Whether these statements are true or not is up for debate,
but one thing is certain: a large number of medical negligence cases stem from
misdiagnosis. Common grounds for making a misdiagnosis claim include:
·
Failure of a medical professional too refer a
patient to an appropriate specialist in time.
·
Failure to correctly interpret scan and test
results.
·
Incorrect diagnosis – whether this leads to
incorrect treatment or not.
·
Failure to conduct scans, X-rays and
investigations when necessary.
·
Failure to properly identify a condition or
ailment.
Harm and Causation: Making Your Medical Negligence Claim
At the court of law, you will be required to demonstrate
that ‘but for’ the action of the medical professional, the victim would have
been free from harm. Healthcare providers rarely work alone, making it
difficult to establish the cause of harm in relation to a specific treatment or
procedure.
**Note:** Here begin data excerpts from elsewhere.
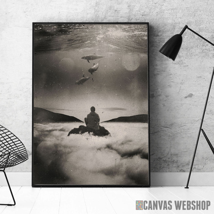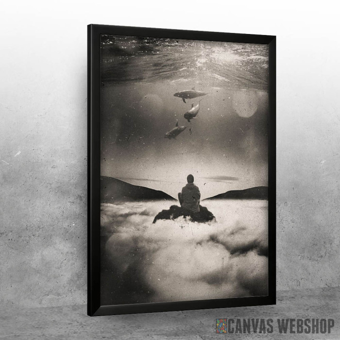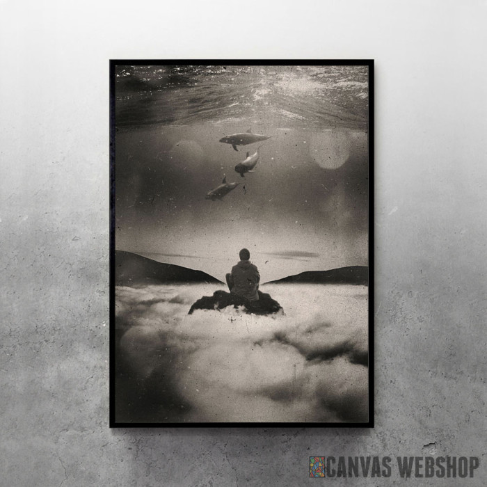 Flying or Swimming je poster odštampan na papiru koji uokviruje elegantan drveni ram sa staklom. Uramljeni poster je dostupan u različitim dimenzijama.
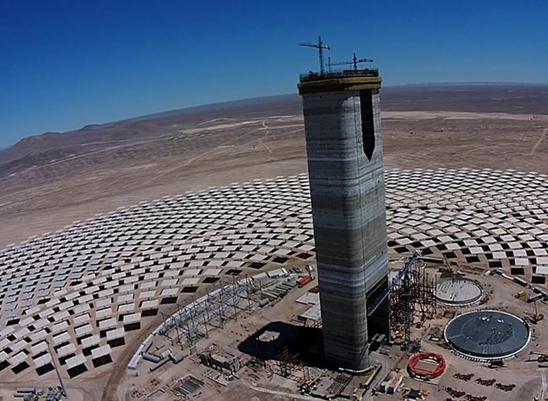 該項目于2014年7月在智利北部Antofagasta地區開工建設。其中的塔式電站是拉丁美洲首個光熱發電項目,占地面積超過700公頃。其采用熔鹽傳熱儲熱技術,儲熱時長達17.5小時,可實現全天24小時持不間斷發電,并配置10,600面140㎡大小的定日鏡。
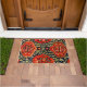 The design of an Oriental rug is printed on this large doormat, using an illustration from the 1922 published book "Oriental Rugs, Antique and Modern," edited and applied by Alma Wad. This specific design features an Oushak carpet, known for its deep blue central field, rich red medallions, and golden yellow leaves, reminiscent of carpets woven in Asia Minor during the XV and XVI Centuries. These vibrant colours are distinct from the more subdued hues typically found in Persian rugs.
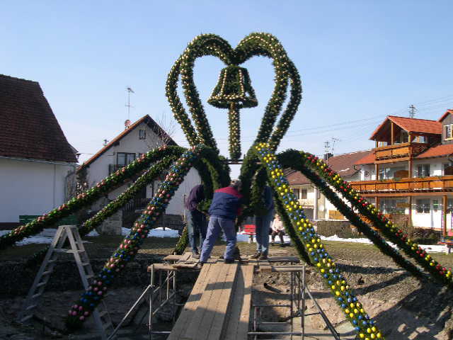 In Bieberbach hat bereits seit langem die Ostersaison begonnen. Der größte Osterbrunnen der Welt wird seit Mittwoch geschmückt. Den ganzen Winter hindurch wurden immer noch ca. 500 Ostereier, die zum Beispiel durch Bruch ersetzt werden müssen, bemalt. Aber auch jedes Jahr verändert sich das Aussehen und neuer Osterschmuck muss gefertigt werden. Seit 1982 wird der Osterbrunnen in Bieberbach geschmückt. Besuchen Sie doch jetzt schon am Palmsonntag den Osterbrunnen live in Bieberbach oder einige Bilder vom Osterbrunnenschmücken unter: www.Osterbrunnen.de
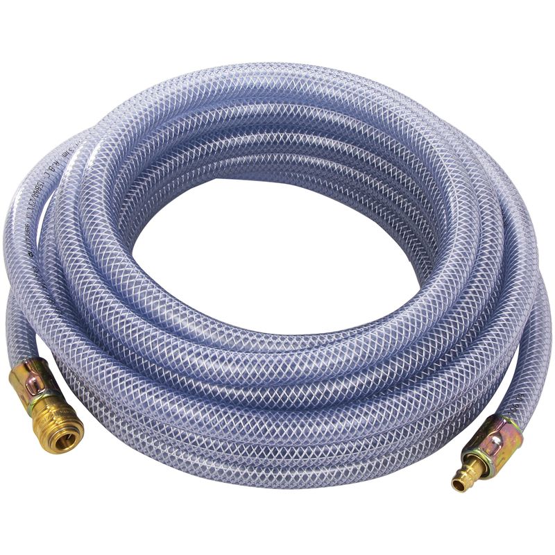 Set tubo aria compressa con inserto in tessuto. Tubo in morbido cloruro di polivinile, trasparente. Lunghezza: 10 metri. Diametro: 13 mm. Elevata resistenza meccanica e adesione, bassa perdita di flusso. Resistente allo sbiadimento, senza cadmio, sottovuoto, grado industriale. Applicazioni: Attrezzatura di compressori. Aree di utilizzo: Aria compressa, trattamento delle acque reflue
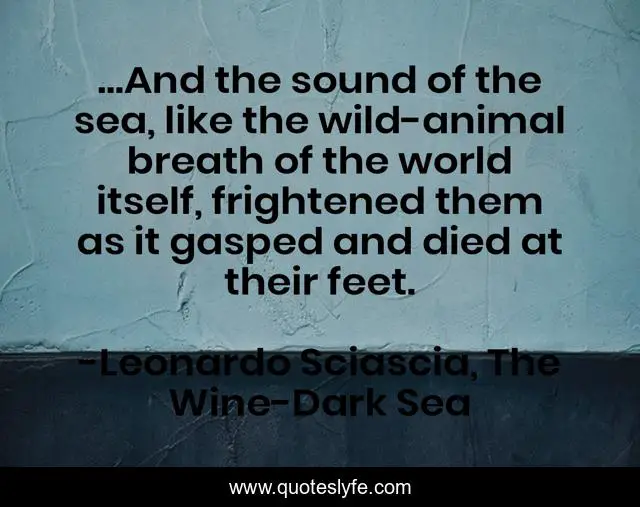 This page presents the quote "…And the sound of the sea, like the wild-animal breath of the world itself, frightened them as it gasped and died at their feet.". Author of this quote is Leonardo Sciascia, The Wine-Dark Sea. This quote is about italian-literature, sea, ocean,.
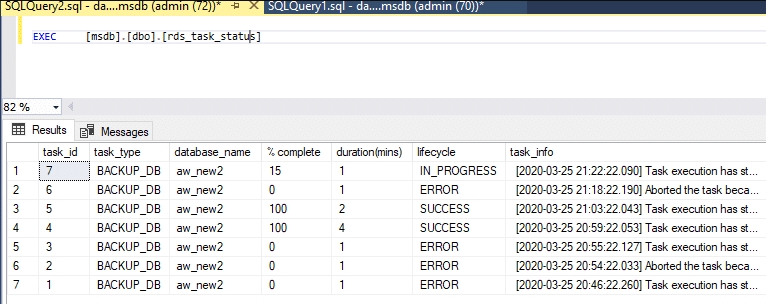 To track the backup process, execute another procedure EXEC [msdb]. [Dbo]. [Rds_task_status]
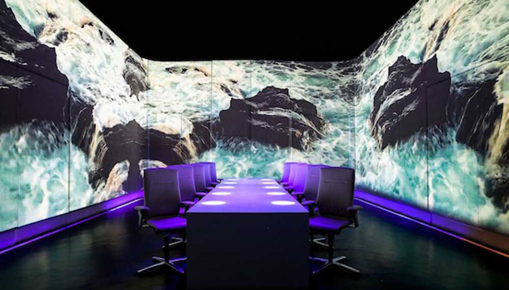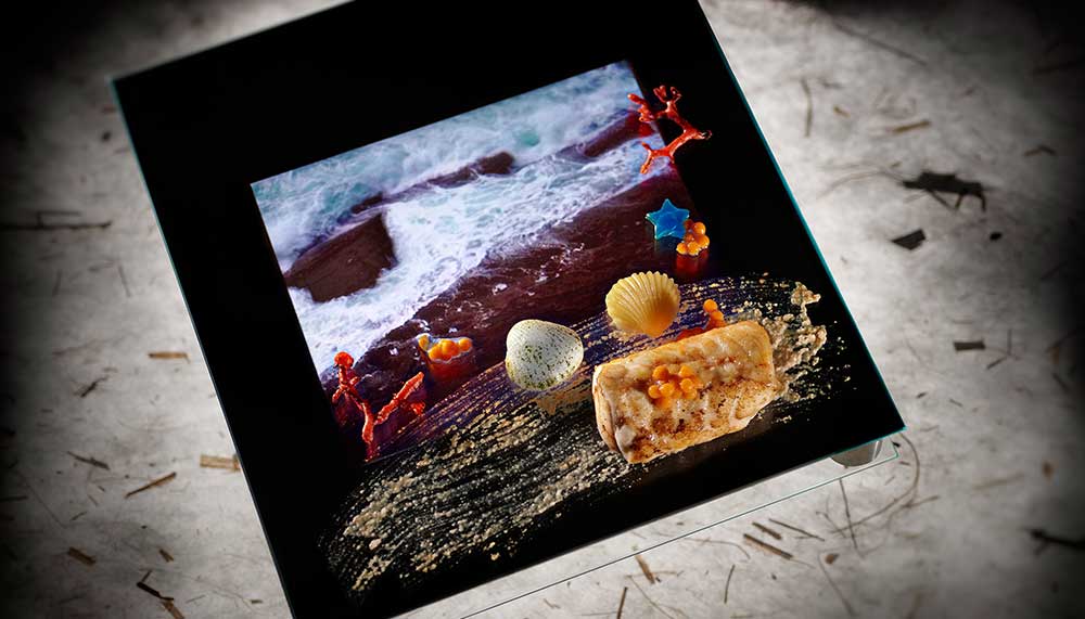 Two different lobster dishes are served: lobster poached in sea water is accompanied by projections of fierce waves and crashing sounds to recreate the scene of fishermen cooking at sea, whilst a grilled lobster dish is joined by calm images of a beach in Bali.
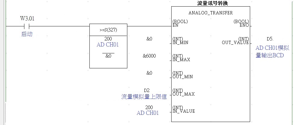如果 IN_MAX (類比輸入&6000)流量器具顯示最大值 大于等于 IN_VALUE 實際值 (AD CH01 2000) 并且, IN_VALUE 實際值(AD CH01 2000) 大于等于IN_MIN(類比輸入&0)
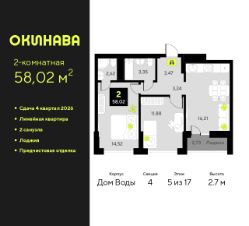 2-комн. квартира от застройщика с предчистовой отделкой в ЖК "Окинава" на 5 этаже. Общая площадь: 58.02 кв.м., жилая: 26.4 кв.м., площадь просторной кухни-столовой: 16.21 кв.м. Комнаты изолированные, все окна выходят на одну сторону. В квартире одна лоджия, два совмещенных санузла. Высота потолков 2.7 м.
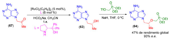 Dentro da mesma perspectiva de melhoramento da rota industrial de produção do pró-farmaco fumarato de Tenofovir desoproxila (59), Edlin e colaboradores reportaram uma série de modificações capazes de elevar o rendimento global da síntese para 23%.68 Foi demonstrado que a substituição de bases de sódio pelas de potássio é benéfica para a etapa de N-alquilação da adenina (60) com o carbonato de (R)-propileno (61). Além disso, a substituição do Mg(OtBu)2, que além de possuir alto custo também necessita um alto grau de pureza e gera subprodutos de difícil isolamento e purificação, pela combinação na razão 1:1 de um reagente de Grignard (PhMgCl ou MeMgCl) e terc-butanol melhora significativamente a etapa de produção do intermediário 64. Em 2014, outro trabalho trouxe inovações importantes no processo de síntese do Tenofovir, utilizando etapa de hidrogenação assimétrica a partir de derivados de purina para geração centro estereogênico (Esquema 28).69 Assim, a proposta foi a primeira a utilizar substratos aquirais como material de partida para preparação do intermediário-chave 63, uma vez que até então todas as alternativas de síntese disponíveis utilizavam de derivados enantiomericamente enriquecidos, como o composto 61. Merece destaque ainda que o protocolo utilizou condições reacionais brandas e forneceu o intermediário éster fosfonato 64 em 97% de e.e. e em 47% de rendimento global. Por outro lado, como principal desvantagem, destaca-se o custo associado dos catalisadores.
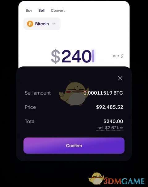 2、在“卖出”屏幕上,将选择默认资产。如果您想要卖出其他资产,请点击资产名称。在搜索栏中,输入您想要卖出的资产的名称。选择您想要卖出的资产。在此示例中,我们将卖出 BTC。
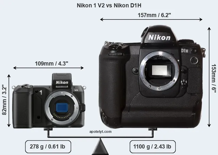 If the front view area (width x height) of the cameras is taken as an aggregate measure of their size, the Nikon D1H is considerably larger (169 percent) than the Nikon 1 V2. Moreover, the D1H is substantially heavier (296 percent) than the V2. It is noteworthy in this context that the D1H is splash and dust-proof, while the V2 does not feature any corresponding weather-sealing.
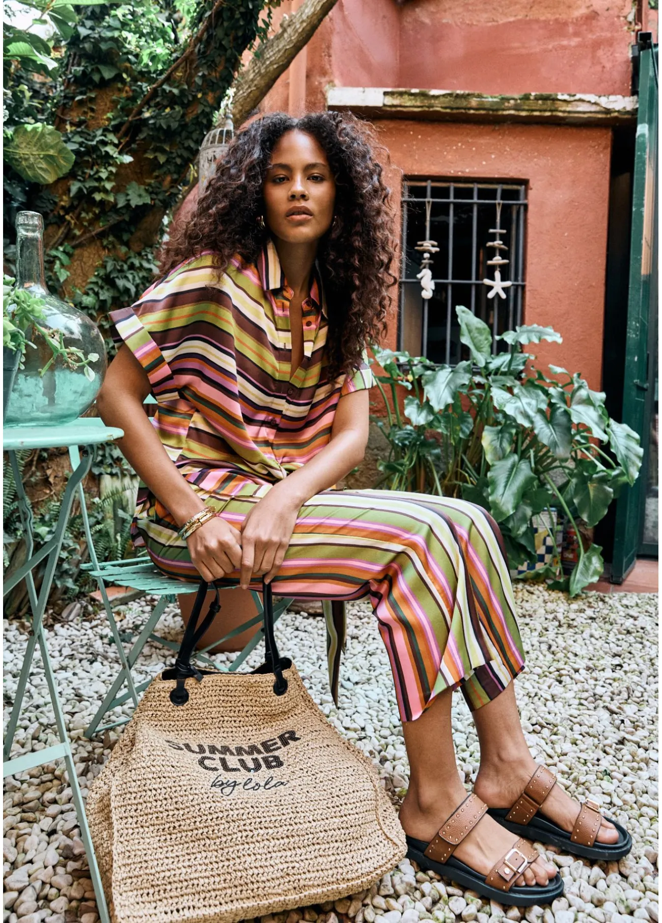Culotte satinado con un llamativo estampado de multirayas. Diseño amplio y corte a media pierna que proporciona comodidad. Cintura elástica para un ajuste perfecto. Ideal para lucir un look moderno y vibrante en días soleados.
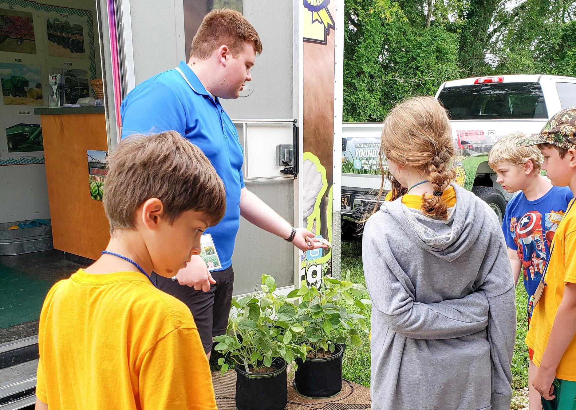 To the left, Intern Kyle Spillane teaches children about agriculture during a summertime ag lab visit.
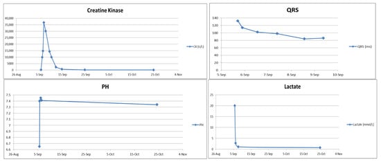 Laboratory trend (CK, QRS, pH, lactate).

For instance, paralysis following the repair of an aortic aneurysm
can occur as a result of epidural analgesia or even the surgery itself.
Inability to establish causation has led to the failure of
many medical negligence claims, as there are often a range of possible
explanations for the end result. However, if you can demonstrate that the
healthcare provider’s breach of duty has contributed to the injury or it is
more likely that the injury was due to negligent care than other factors, then
you can make a successful medical negligence claim.
In the absence of reasonable explanations for an outcome,
there could still be light at the end of the tunnel. The principle of ‘res ipsa
loquitur’ (literally translated as ‘the thing speaks for itself’) can be
employed. For instance, if a foreign object is found in the abdomen after a
surgical operation, it can only be assumed that there was negligence. This
principle also applies when an operation is performed on the wrong spot. In
these cases, it is assumed that the causation has been established unless the defendant
is able to provide another reasonable explanation.
Medical negligence is a 3-way street: a healthcare provider
owes the patients a duty of care, there was breach of that duty, and the
patient suffers injury as a result. All parts of this test must be satisfied
for a case to be classed as medical negligence.